Input data section start
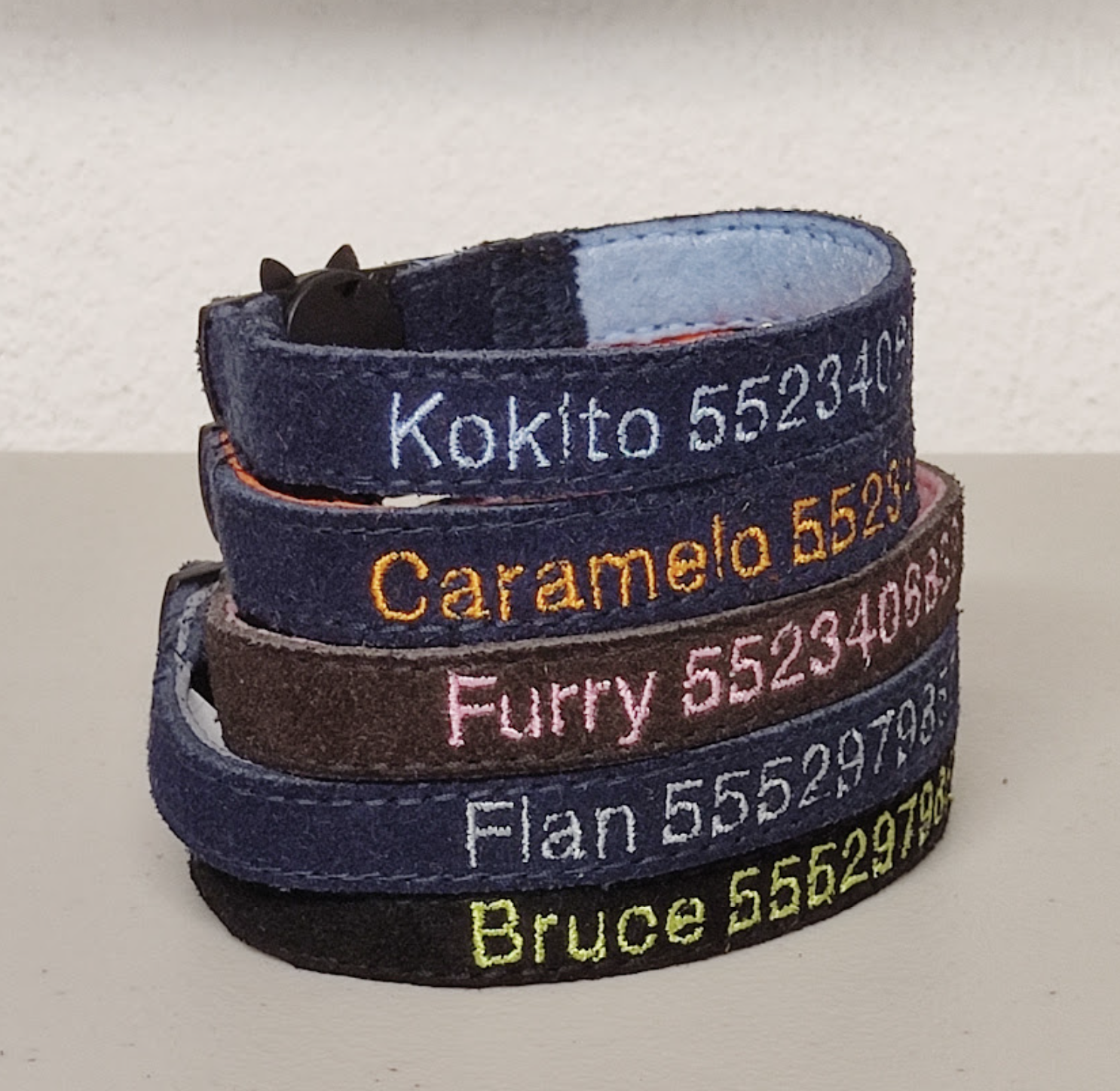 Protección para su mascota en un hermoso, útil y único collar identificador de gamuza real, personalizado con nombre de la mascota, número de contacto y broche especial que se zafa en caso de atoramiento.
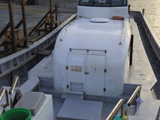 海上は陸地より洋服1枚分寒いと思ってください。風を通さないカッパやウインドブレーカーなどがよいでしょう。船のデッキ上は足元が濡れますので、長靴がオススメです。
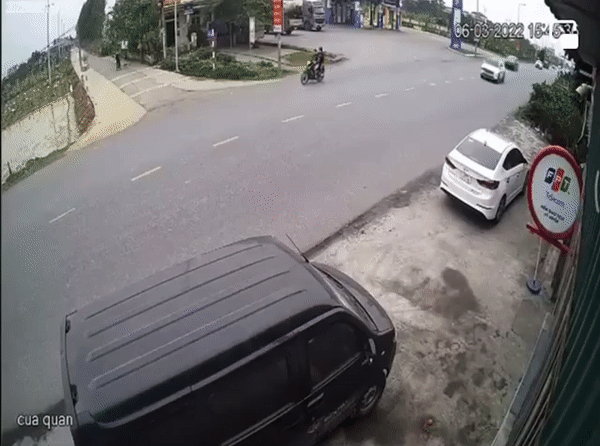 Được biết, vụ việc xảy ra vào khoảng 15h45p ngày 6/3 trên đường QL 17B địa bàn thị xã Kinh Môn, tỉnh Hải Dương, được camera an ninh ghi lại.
Input data section end
Exercise aim
In full and without change, repeat the material above, minus the pictures.

Expected output
 Protección para su mascota en un hermoso, útil y único collar identificador de gamuza real, personalizado con nombre de la mascota, número de contacto y broche especial que se zafa en caso de atoramiento.
 海上は陸地より洋服1枚分寒いと思ってください。風を通さないカッパやウインドブレーカーなどがよいでしょう。船のデッキ上は足元が濡れますので、長靴がオススメです。
 Được biết, vụ việc xảy ra vào khoảng 15h45p ngày 6/3 trên đường QL 17B địa bàn thị xã Kinh Môn, tỉnh Hải Dương, được camera an ninh ghi lại.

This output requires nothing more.